Delegacia de polícia. RENATO coloca uma pasta e uma caixa

sobre a mesa de Matheus. Ele olha em volta, abre a caixa e

pega um pouco do que tem dentro. Quando Matheus entra, Renato

disfarça.

RENATO: Aí está você! Estava te procurando por toda parte!

Esteve no cemitério até agora, não é mesmo?

MATHEUS: Encontrei o pastor Carlos por lá.

RENATO: Ah. Você voltou a ir pra igreja. Isso é bom! Eu

estou feliz por você! Eu mesmo penso em voltar.

MATHEUS: É. Sei bem pra que você quer voltar. Antigamente

as garotas da igreja até caiam na sua lábia. Mas

agora... eu duvido.

RENATO (rindo): Está subestimando minhas habilidades de

galã de novela! E por falar nisso, você chegou a

ver a nova recruta? Já estou desenrolando com ela.

É só questão de tempo.

MATHEUS: Você não tem mais trabalho pra fazer não?

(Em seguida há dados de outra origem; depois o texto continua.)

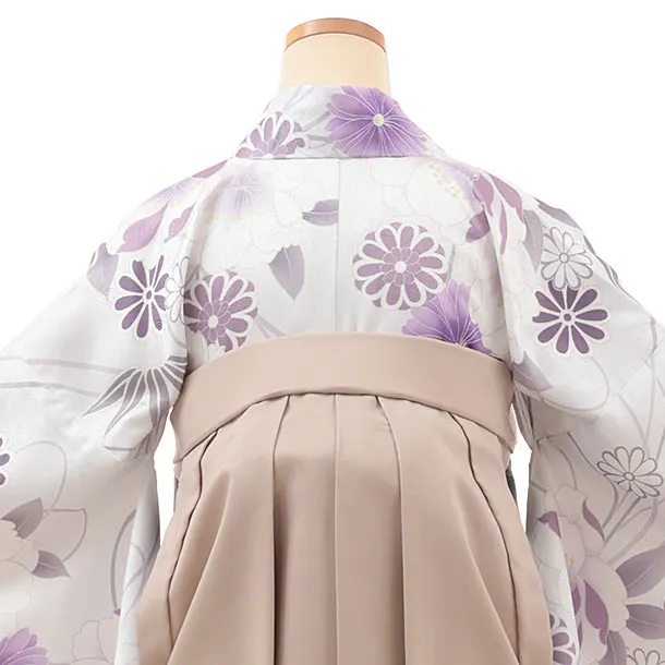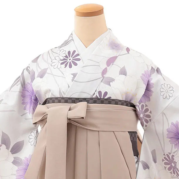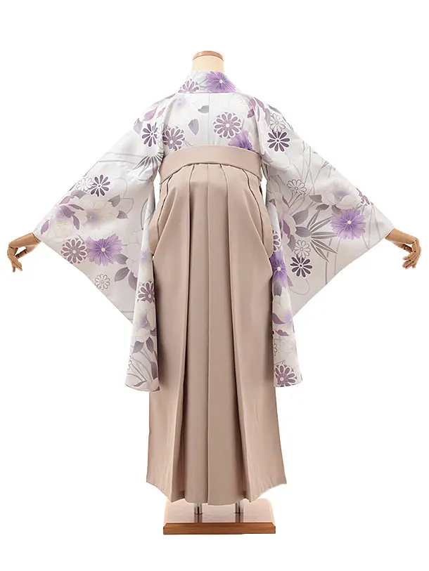 卒業式袴レンタルV362 薄グレー 花×ベージュ

RENATO: Eu peço para um dos policiais mais novos. É pra

isso que fomos promovidos, não? Você pede e eles

obedecem.

MATHEUS: Você não leva jeito. Por que estava me

procurando?

RENATO: É mesmo! O delegado pediu para você comparecer na

sala dele.

MATHEUS: Merda. Deve estar querendo me chamar atenção por

causa do suspeito que interroguei.

RENATO: Já falei pra você pegar leve. Um dia desses você

ainda vai receber uma boa intimação de um advogado

dos direitos humanos ou coisa do tipo.

MATHEUS: Direitos humanos... Se não fosse por um desses

bandidos, Erica ainda estaria comigo e nossa

filha... Deixa pra lá. Vou levar isso para a sala

de evidências e ver o que o delegado quer.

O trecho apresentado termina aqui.